Although the records contain pictures, none belong in the copy: restate word for word only the lines from the one with "Solana cotiza en" through the one with "All the pretty", both included.

::: DATA FOR PROCESSING :::

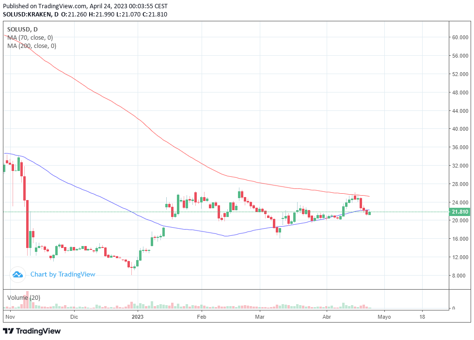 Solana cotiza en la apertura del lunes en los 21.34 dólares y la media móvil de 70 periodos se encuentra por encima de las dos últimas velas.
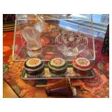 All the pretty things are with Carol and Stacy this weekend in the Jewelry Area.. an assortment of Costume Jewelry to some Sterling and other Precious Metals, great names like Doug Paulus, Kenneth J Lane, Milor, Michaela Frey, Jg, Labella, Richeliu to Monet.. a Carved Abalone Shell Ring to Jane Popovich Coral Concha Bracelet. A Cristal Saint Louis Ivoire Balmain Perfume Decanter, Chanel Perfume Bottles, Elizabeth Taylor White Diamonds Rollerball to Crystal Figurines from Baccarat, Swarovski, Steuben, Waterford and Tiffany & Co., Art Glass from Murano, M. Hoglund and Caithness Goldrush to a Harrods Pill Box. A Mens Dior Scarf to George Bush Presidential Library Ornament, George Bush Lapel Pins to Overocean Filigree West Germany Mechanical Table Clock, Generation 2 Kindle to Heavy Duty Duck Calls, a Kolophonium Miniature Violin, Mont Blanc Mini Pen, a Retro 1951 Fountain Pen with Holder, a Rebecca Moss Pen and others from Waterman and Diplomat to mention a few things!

:::
::: DATA FOR PROCESSING :::

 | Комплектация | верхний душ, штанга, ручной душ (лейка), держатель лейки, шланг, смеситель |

:::

* **SOLUTION**:
 Solana cotiza en la apertura del lunes en los 21.34 dólares y la media móvil de 70 periodos se encuentra por encima de las dos últimas velas.
 All the pretty things are with Carol and Stacy this weekend in the Jewelry Area.. an assortment of Costume Jewelry to some Sterling and other Precious Metals, great names like Doug Paulus, Kenneth J Lane, Milor, Michaela Frey, Jg, Labella, Richeliu to Monet.. a Carved Abalone Shell Ring to Jane Popovich Coral Concha Bracelet. A Cristal Saint Louis Ivoire Balmain Perfume Decanter, Chanel Perfume Bottles, Elizabeth Taylor White Diamonds Rollerball to Crystal Figurines from Baccarat, Swarovski, Steuben, Waterford and Tiffany & Co., Art Glass from Murano, M. Hoglund and Caithness Goldrush to a Harrods Pill Box. A Mens Dior Scarf to George Bush Presidential Library Ornament, George Bush Lapel Pins to Overocean Filigree West Germany Mechanical Table Clock, Generation 2 Kindle to Heavy Duty Duck Calls, a Kolophonium Miniature Violin, Mont Blanc Mini Pen, a Retro 1951 Fountain Pen with Holder, a Rebecca Moss Pen and others from Waterman and Diplomat to mention a few things!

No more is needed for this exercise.